* **Available records**:
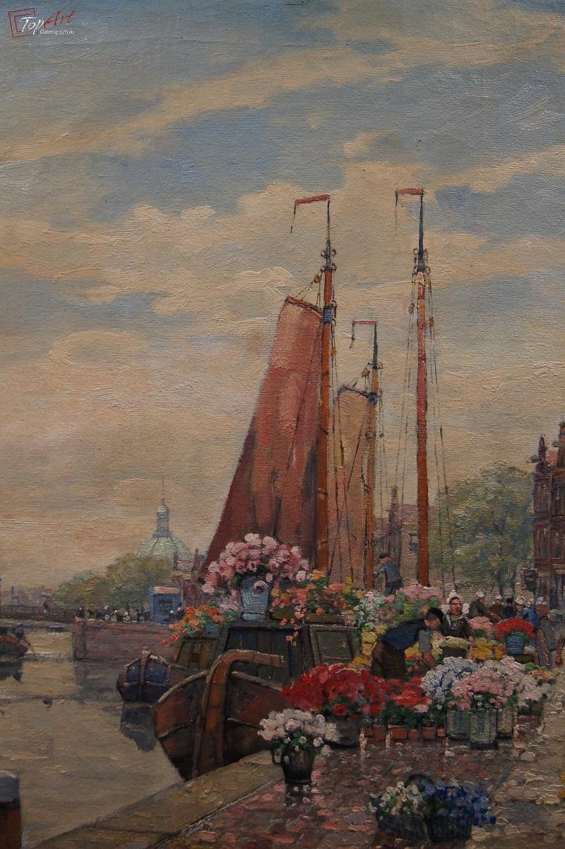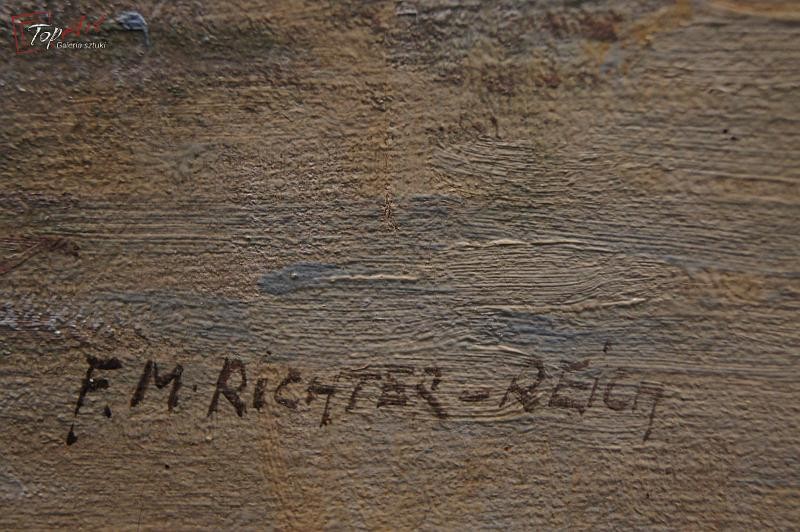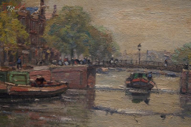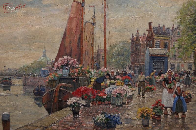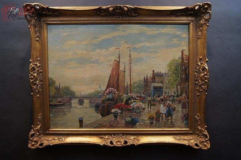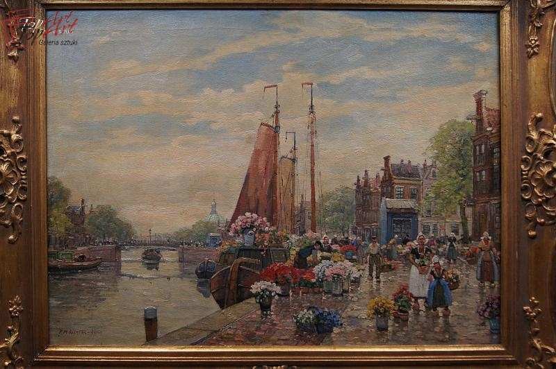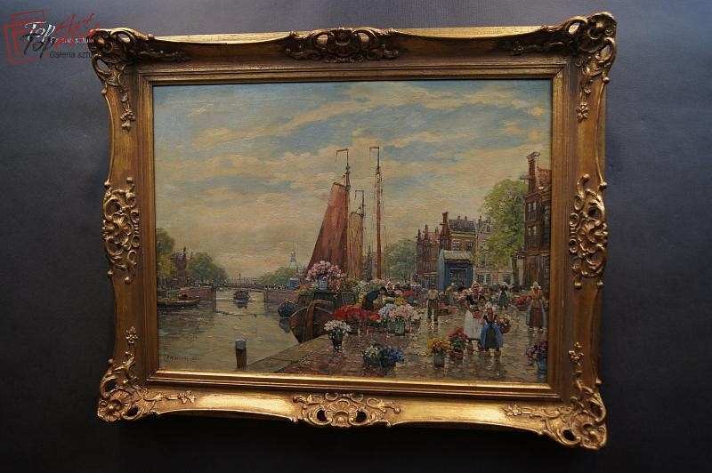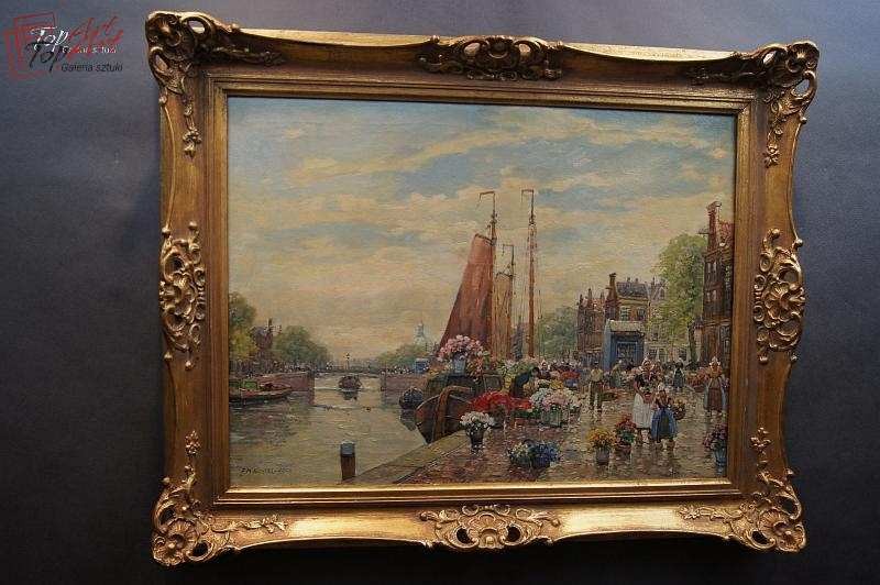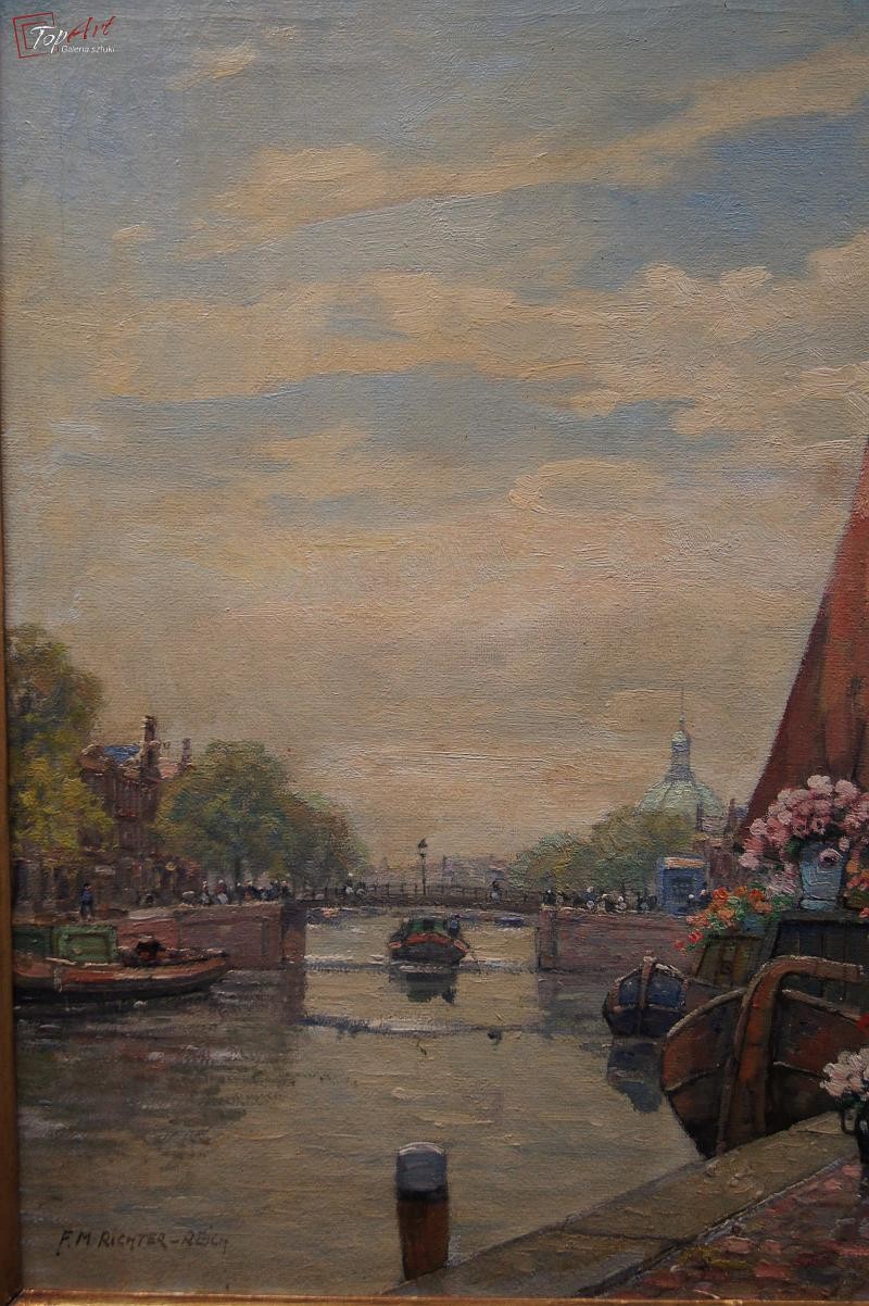 Amsterdam. Oryginalny niezwykle dekoracyjny duży obraz malowany farbami olejnymi na płótnie.Techniką malarską: pędzel. Sygnowany lewy dół: F. M.Richter - Reich Całość oprawiona w oryginalną, starą, okazałą przestrzenną ramę. Obrazy artysty cieszą się dużym powodzeniem na aukcjach sztuki. Aukcyjny portal Artprice notuje aż 151 sprzedanych obrazów tego artysty. Stan zachowania bardzo dobry nie wymaga jakichkolwiek interwencji. Wymiary: całości z ramą 78 cm x 98 cm, płótno 60 cm x 80 cm.
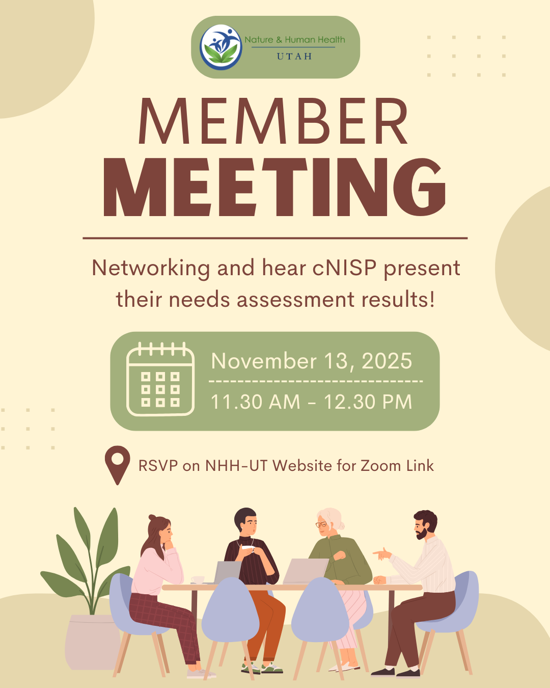 The November Nature and Human Health Meeting will be held via Zoom on Thursday, November 13th, from 11:30 AM to 12:30 PM. Join us for networking and a presentation from cNISP on their needs assessment findings. Click below to RSVP and receive the Zoom link by email.
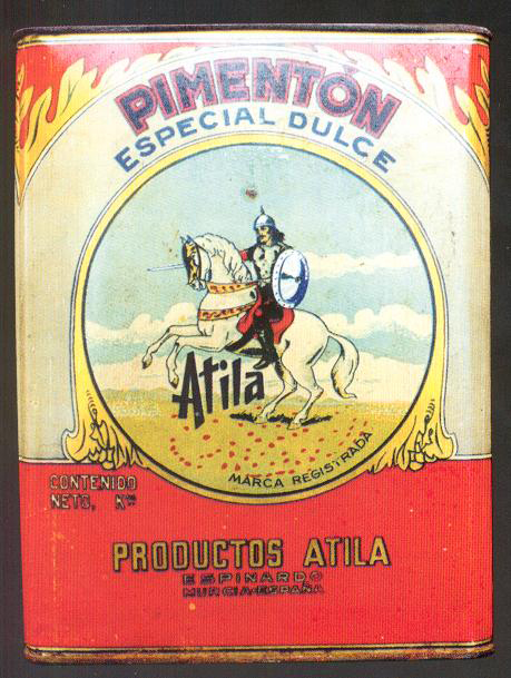 Otra marca de la empresa de Reverte, Atila, con claras alusiones históricas, volvería a relacionar el pimentón con la bravura, no ya del torero sino de un caudillo fuerte. En su diseño sigue presente el círculo a modo de orla en torno al personaje principal, "Atila a caballo". De este modo vemos repetirse aquí el gusto de la empresa Reverte por representaciones de animales, bien solos como el caso de "El Camello", o acompañados de personas, como en "La Lidia", "Atila". En cuanto a tipografía y colorido también se repiten tipografías sencillas y coloridos pobres. Otras marcas de la empresa eran Prestige (1950), Macarena (1951), El Picador, o Red Rose, esta última data de los años 70. Desgraciadamente de éstas nos ha sido imposible recopilar información gráfica debido a que no fueron tan importantes como las otras. También comercializaba con su nombre, es decir, Reverte, y con otra marca: El Pavo Real. Afortunadamente de estas sí que se conserva información gráfica. En su diseño aparece más variedad de tipografías, frente a los anteriores diseños de Reverte. Se ha optado en este caso por un dibujo esquemático y estilizado,  sobre un fondo plano sin decorado. Se mantiene la orla y en ella aparecen ahora plumas de pavo real, enriqueciéndola de este modo con respecto a los anteriores diseños de envases de Reverte.
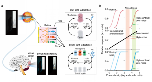 图 1.仿生可调灵敏度光电探测器。a人眼视网膜通过光适应机制在不同光照条件下实现高效视觉感知。视杆细胞和视锥细胞可根据环境光强动态调节自身灵敏度,从而在强光与弱光条件下均保持良好的感知能力。b 视网膜、传统光电探测器与仿生光电探测器的光响应特性对比。视网膜和仿生光电探测器能够突出目标与背景之间的相对光强差异,并有效抑制无关噪声;而传统光电探测器由于灵敏度固定、响应关系单一,难以对低对比度目标进行有效识别。
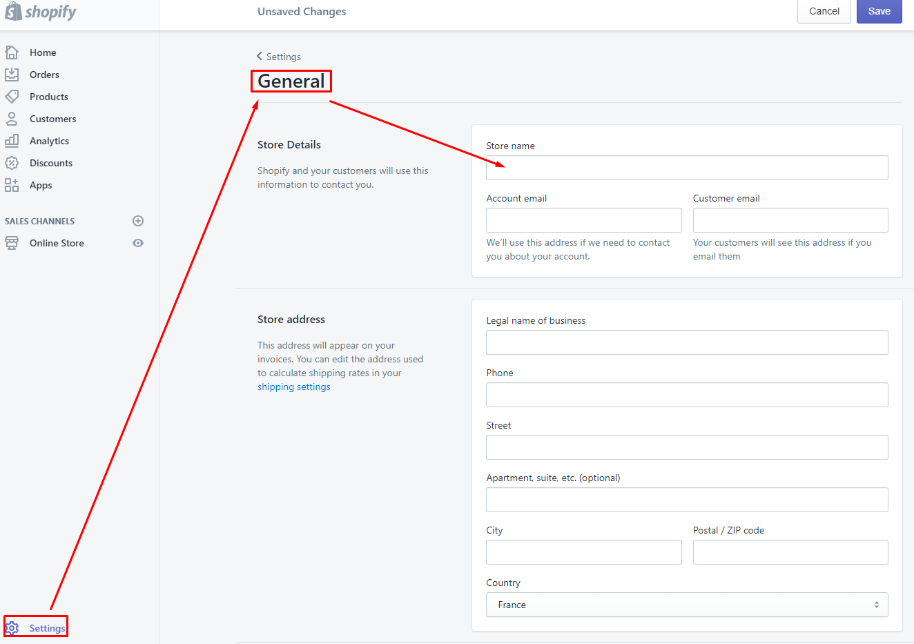 Lorsque vous êtes dans votre tableau de bord Shopify, l’URL en .myshopify est celle que vous avez choisie lors de votre inscription. Elle ne peut pas être changée mais cela n’a pas d’importance. C’est juste votre identifiant chez Shopify.
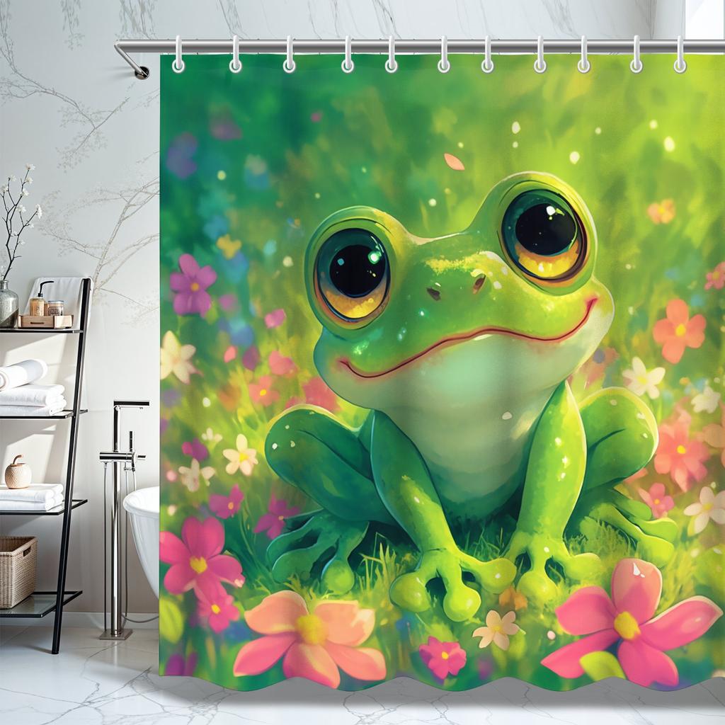 1pc Cute Frog Shower Curtain, Spring Modern Style Bathroom Decoration, Gift for Friends, bathroom accessory sets
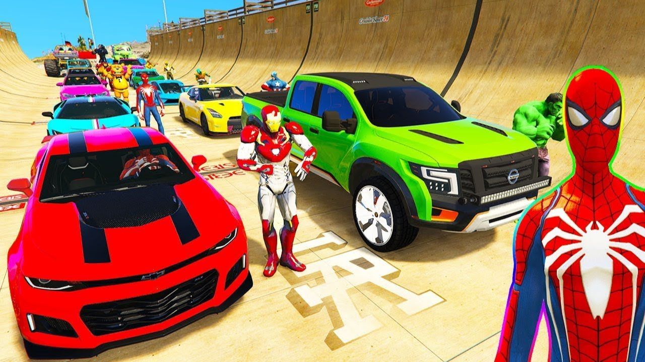 ЧЕЛОВЕК-ПАУК Супер Гонки на спортивных машинах на Мега Рампе! СУПЕРГЕРОИ на гоночных автомобилях!
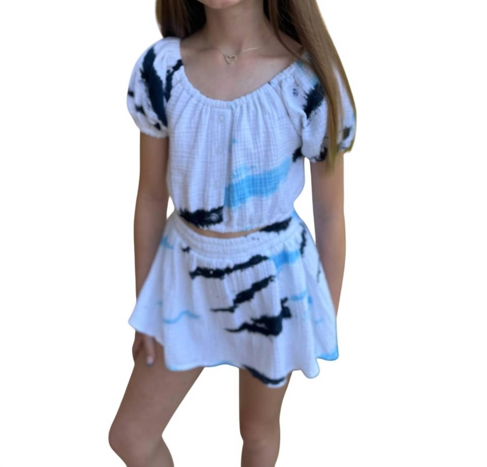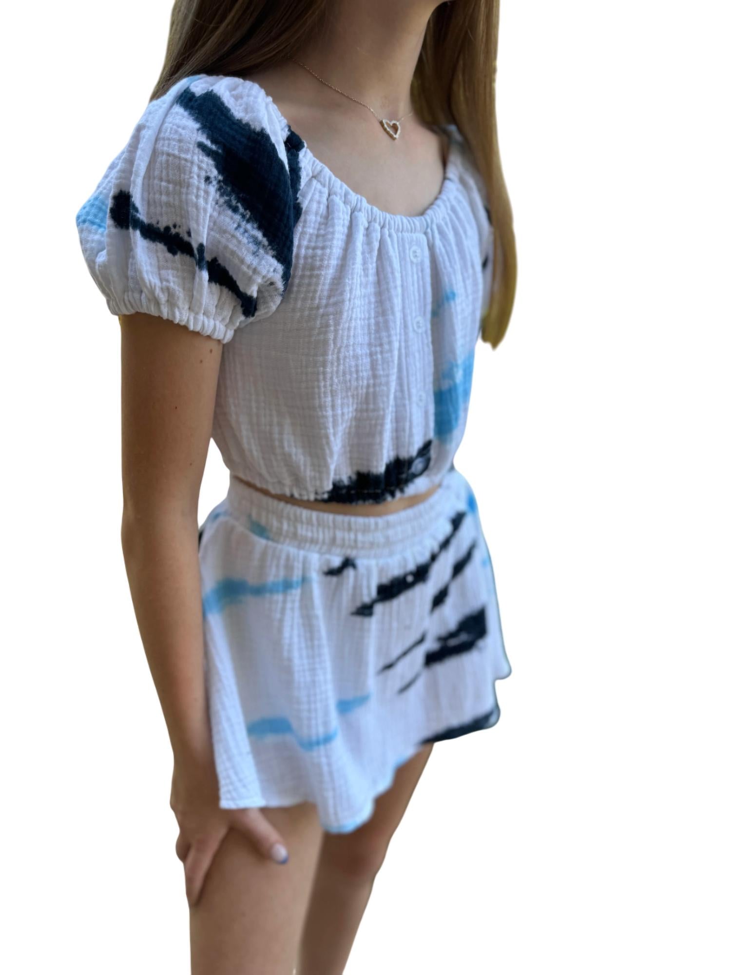 Elevate her wardrobe with the Flowers by Zoe Girls Cropped Top, featuring stylish white and blue tie-dye puff sleeves. Made from a cotton blend, this crop top provides comfort and a fun vibe, complete with front buttons and an elastic hem. Closure: Button closure. Care: Hand wash only.

* **What you are asked to do**: The required output is the lines from the one containing "Lorsque vous êtes" through the end of the data, printed exactly, with no pictures.

* **Reply**:
 Lorsque vous êtes dans votre tableau de bord Shopify, l’URL en .myshopify est celle que vous avez choisie lors de votre inscription. Elle ne peut pas être changée mais cela n’a pas d’importance. C’est juste votre identifiant chez Shopify.
 1pc Cute Frog Shower Curtain, Spring Modern Style Bathroom Decoration, Gift for Friends, bathroom accessory sets
 ЧЕЛОВЕК-ПАУК Супер Гонки на спортивных машинах на Мега Рампе! СУПЕРГЕРОИ на гоночных автомобилях!
 Elevate her wardrobe with the Flowers by Zoe Girls Cropped Top, featuring stylish white and blue tie-dye puff sleeves. Made from a cotton blend, this crop top provides comfort and a fun vibe, complete with front buttons and an elastic hem. Closure: Button closure. Care: Hand wash only.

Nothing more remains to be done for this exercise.